Ukrainian troops have prepared “holiday gifts” for Russian forces to mark Orthodox Easter celebrations, according to Kyiv’s military.

Ukrainian fighters have painted ammunition, including grenades, in Ukrainian national colors, with many decorated to look like Easter eggs, Ukraine’s Operational Command North wrote on its Facebook page.

On Sunday, Orthodox Christians, including many in Russia and Ukraine, observe Orthodox Easter. Approximately 78 percent of Ukraine’s population identified as Orthodox Christian in 2019. Meanwhile, Ukraine’s Orthodox Church has officially split with Russia, although controversy has continued to surround its alleged links to Moscow.
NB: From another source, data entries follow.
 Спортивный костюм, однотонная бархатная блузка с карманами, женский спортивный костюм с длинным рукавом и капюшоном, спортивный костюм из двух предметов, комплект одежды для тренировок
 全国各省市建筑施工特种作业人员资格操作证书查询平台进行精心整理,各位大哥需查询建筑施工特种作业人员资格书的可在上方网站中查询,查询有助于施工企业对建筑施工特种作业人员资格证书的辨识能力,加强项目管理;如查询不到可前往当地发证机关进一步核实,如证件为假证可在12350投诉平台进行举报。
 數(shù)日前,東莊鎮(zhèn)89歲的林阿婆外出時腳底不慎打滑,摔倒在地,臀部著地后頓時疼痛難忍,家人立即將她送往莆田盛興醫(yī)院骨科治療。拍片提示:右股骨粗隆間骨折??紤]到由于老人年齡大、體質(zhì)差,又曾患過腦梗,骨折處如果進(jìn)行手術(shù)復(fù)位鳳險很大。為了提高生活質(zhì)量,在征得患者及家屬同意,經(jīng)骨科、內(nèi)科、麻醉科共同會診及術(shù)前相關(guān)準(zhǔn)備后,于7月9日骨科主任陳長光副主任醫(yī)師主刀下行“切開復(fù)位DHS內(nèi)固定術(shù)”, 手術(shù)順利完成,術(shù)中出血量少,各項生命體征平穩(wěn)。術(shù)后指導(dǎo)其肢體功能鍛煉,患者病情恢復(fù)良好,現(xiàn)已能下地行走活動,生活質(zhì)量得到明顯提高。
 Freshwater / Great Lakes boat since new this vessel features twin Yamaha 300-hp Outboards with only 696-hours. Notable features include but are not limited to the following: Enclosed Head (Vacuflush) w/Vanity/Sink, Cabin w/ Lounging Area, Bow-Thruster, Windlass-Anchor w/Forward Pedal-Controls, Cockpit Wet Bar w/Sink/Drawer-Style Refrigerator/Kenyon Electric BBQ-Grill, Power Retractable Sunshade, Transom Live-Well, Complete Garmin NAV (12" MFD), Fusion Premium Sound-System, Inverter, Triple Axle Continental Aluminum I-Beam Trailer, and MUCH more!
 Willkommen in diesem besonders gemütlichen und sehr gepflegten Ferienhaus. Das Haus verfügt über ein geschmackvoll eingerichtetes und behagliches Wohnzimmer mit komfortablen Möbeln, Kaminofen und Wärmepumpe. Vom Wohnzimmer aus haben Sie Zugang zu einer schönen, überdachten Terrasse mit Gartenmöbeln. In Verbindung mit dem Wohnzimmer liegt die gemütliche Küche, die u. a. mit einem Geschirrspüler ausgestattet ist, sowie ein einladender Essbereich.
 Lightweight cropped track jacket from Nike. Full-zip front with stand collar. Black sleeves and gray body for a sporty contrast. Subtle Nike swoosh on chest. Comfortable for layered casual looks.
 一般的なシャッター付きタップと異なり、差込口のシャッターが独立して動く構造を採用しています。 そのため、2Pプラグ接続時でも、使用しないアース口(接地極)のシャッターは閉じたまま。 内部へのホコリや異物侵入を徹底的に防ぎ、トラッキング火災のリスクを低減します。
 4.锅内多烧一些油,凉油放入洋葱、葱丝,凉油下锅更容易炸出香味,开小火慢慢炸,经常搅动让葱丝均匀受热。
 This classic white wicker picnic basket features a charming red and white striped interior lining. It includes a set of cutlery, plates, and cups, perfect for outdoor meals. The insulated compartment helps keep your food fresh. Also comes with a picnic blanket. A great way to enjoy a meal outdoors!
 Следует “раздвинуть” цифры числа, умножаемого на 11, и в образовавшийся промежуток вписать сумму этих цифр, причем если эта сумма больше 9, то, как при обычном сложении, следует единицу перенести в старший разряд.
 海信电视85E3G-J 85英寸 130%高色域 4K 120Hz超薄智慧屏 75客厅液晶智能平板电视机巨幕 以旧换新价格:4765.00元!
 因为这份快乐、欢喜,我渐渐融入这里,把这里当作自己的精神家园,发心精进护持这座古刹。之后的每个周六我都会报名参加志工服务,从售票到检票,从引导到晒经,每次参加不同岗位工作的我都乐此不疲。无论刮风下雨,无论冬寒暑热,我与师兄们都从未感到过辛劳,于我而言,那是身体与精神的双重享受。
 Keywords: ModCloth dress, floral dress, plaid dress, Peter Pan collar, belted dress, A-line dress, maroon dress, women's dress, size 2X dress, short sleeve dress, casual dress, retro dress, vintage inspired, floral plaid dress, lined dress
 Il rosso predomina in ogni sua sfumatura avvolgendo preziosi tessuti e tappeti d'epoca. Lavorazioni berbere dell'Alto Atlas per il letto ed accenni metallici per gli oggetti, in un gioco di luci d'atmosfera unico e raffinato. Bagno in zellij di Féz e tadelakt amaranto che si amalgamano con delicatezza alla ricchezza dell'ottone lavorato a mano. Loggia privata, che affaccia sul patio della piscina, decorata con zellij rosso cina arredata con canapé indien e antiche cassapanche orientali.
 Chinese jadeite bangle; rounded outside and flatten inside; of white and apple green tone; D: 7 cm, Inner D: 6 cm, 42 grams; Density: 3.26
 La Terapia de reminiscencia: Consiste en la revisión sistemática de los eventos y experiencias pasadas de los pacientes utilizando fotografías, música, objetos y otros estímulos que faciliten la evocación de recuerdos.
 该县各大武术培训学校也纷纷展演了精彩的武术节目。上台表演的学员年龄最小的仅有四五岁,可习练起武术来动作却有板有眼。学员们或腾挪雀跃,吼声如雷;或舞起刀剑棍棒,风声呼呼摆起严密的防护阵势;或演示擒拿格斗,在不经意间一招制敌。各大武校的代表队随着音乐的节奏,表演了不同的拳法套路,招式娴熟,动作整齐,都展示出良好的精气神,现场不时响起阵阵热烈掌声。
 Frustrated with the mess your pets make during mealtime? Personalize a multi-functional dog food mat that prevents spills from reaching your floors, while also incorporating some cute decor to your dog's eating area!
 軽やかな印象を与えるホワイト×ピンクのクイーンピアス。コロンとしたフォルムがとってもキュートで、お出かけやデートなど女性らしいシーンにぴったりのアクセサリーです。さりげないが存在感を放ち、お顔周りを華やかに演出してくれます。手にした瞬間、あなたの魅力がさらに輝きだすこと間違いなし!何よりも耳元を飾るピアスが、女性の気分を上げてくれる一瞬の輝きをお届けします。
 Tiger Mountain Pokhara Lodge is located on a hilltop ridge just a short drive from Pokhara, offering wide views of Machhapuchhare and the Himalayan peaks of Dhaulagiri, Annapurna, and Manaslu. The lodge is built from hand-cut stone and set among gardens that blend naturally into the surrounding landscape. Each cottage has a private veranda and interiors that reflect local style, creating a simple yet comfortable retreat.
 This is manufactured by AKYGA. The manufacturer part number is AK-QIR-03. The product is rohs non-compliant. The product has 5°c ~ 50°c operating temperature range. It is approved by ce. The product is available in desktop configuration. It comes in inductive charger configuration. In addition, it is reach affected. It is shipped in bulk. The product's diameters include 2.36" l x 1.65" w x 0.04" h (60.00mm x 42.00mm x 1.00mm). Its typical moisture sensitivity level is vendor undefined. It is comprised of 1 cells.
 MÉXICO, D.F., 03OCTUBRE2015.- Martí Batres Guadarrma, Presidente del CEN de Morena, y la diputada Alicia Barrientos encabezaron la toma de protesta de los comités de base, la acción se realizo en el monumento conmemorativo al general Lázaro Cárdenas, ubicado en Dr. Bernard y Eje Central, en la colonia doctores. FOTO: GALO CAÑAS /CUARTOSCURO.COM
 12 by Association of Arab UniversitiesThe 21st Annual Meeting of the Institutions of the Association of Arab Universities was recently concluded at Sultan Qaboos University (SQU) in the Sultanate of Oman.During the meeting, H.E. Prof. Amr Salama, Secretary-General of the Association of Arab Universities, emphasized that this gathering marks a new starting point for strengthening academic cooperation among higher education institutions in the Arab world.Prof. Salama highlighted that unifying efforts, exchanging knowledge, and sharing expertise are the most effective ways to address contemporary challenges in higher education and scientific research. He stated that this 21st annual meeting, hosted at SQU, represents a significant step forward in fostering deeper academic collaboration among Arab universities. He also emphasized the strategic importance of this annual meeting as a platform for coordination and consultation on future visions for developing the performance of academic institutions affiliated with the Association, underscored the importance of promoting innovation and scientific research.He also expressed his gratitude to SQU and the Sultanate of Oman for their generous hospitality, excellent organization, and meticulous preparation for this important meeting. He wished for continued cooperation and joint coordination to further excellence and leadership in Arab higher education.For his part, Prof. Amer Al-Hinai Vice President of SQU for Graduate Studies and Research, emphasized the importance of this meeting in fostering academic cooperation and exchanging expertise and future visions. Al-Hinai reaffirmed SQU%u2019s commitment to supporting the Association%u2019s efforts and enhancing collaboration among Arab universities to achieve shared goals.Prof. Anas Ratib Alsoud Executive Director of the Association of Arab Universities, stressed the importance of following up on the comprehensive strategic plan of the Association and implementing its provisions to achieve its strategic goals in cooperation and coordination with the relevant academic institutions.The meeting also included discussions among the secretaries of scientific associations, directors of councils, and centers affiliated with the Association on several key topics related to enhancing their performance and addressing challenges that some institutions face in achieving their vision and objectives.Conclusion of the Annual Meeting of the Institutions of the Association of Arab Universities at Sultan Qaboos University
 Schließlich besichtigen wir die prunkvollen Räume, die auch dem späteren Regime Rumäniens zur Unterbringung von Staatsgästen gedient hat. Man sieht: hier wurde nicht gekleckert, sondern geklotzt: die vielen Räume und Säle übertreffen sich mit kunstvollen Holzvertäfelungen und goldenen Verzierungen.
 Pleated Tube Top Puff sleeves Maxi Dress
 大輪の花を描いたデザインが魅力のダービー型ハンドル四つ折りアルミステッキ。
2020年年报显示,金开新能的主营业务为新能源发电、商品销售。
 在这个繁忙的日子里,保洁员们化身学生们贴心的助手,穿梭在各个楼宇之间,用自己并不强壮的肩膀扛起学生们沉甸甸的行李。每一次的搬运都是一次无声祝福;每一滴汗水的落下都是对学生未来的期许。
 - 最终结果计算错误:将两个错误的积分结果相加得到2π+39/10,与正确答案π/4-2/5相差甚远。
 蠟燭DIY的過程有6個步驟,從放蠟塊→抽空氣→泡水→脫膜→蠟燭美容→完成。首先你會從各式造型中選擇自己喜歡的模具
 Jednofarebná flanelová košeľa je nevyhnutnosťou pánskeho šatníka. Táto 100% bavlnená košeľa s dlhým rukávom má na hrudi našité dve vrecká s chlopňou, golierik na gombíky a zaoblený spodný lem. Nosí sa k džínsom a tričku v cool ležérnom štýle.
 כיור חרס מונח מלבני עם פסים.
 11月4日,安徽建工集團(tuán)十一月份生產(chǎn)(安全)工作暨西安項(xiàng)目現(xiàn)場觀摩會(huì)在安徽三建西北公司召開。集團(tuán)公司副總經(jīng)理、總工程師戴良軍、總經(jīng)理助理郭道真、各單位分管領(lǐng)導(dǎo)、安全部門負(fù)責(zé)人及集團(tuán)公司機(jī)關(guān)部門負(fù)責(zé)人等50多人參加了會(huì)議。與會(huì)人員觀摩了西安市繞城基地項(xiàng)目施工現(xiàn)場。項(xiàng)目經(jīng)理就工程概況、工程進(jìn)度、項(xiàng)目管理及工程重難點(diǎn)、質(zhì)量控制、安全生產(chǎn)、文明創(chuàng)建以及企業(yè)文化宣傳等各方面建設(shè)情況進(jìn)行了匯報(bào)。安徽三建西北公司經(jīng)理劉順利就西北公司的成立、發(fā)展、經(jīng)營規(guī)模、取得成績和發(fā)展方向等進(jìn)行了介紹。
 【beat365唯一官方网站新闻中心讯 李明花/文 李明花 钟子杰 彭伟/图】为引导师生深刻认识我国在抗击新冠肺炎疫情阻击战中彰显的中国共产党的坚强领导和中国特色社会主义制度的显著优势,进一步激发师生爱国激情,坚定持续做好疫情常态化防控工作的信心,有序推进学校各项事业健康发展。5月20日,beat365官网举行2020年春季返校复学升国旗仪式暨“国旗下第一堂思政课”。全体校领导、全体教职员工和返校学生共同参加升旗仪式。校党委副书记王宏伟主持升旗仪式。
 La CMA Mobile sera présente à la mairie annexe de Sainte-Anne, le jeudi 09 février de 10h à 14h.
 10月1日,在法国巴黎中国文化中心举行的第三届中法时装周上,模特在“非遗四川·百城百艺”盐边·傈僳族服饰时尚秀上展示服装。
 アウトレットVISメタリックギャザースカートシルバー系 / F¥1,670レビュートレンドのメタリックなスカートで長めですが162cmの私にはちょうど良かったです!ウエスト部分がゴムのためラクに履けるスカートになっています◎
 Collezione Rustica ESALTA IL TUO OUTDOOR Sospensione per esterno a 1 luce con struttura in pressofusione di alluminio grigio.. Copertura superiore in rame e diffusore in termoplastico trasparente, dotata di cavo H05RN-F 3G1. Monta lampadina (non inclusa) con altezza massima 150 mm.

Early on Sunday morning, Russian President Vladimir Putin attended a midnight service observing Orthodox Easter in Moscow. Patriarch Kirill, who heads up Russia’s Orthodox Church, has previously voiced his support for the Kremlin’s invasion of Ukraine.

Ukrainian Grenades Painted as Easter Eggs
Ukrainian fighters have painted ammunition, including grenades, in Ukrainian national colors, with many decorated to look like Easter eggs, according to Ukraine’s military. Orthodox Easter is marked this year on Sunday, April 16.
Ukraine’s Operational Command North

In a message broadcast on Russian state television before the start of the service, Kirill appeared to refer to the Ukraine war as “grave events taking place on our Russian historical land,” according to the Associated Press. This falls in line with official Kremlin rhetoric, which frequently denies Ukraine’s existence as a separate country.

Coinciding with Orthodox Easter, the Wagner Group, a Russian paramilitary unit, released around 100 Ukrainian prisoners of war (POWs) back into Kyiv’s hands, Reuters reported. Writing on Telegram, Ukrainian President Volodymyr Zelensky’s chief of staff, Andriy Yermak, said on Sunday that 130 Ukrainian fighters had returned in “several stages” over the previous few days. Ukraine’s General Staff of the Armed Forces said the oldest of the POWs was 58, with the youngest just 21 years old.

Yermak called the return of Ukrainian prisoners of war “the Great Easter Prisoner Exchange,” although he did not say whether, or how many, captured Russian fighters had been returned to Moscow.

Last week, the Washington-based Institute for the Study of War (ISW) suggested Putin could use the holiday to propose a ceasefire with Kyiv in a bid to stop a planned Ukrainian counteroffensive.

This was quickly dismissed by the Kremlin, however, with spokesperson Dmitry Peskov saying it “has not been proposed by anyone, it has not been put forward.” Moscow had previously called for a ceasefire to mark Orthodox Christmas in early January, which was rejected by Kyiv. Fighting continued over the proposed 36-hour ceasefire period.

In an address on Sunday morning, Zelensky marked the second Orthodox Easter celebration since the start of the full-scale war last February.

“Today, we celebrate the holiday of the Resurrection of the Lord,” he said. “Its main symbol is victory: the victory of good, victory of truth, victory of life. We celebrate Easter with unshakable faith in the irreversibility of these victories.”

In his own Easter address, Putin said the “wonderful, beloved Easter holiday gives believers hope, inspires good thoughts and deeds, and serves to affirm high moral ideals and values ​​in society.”

Newsweek has reached out to Russia’s defense ministry for comment via email.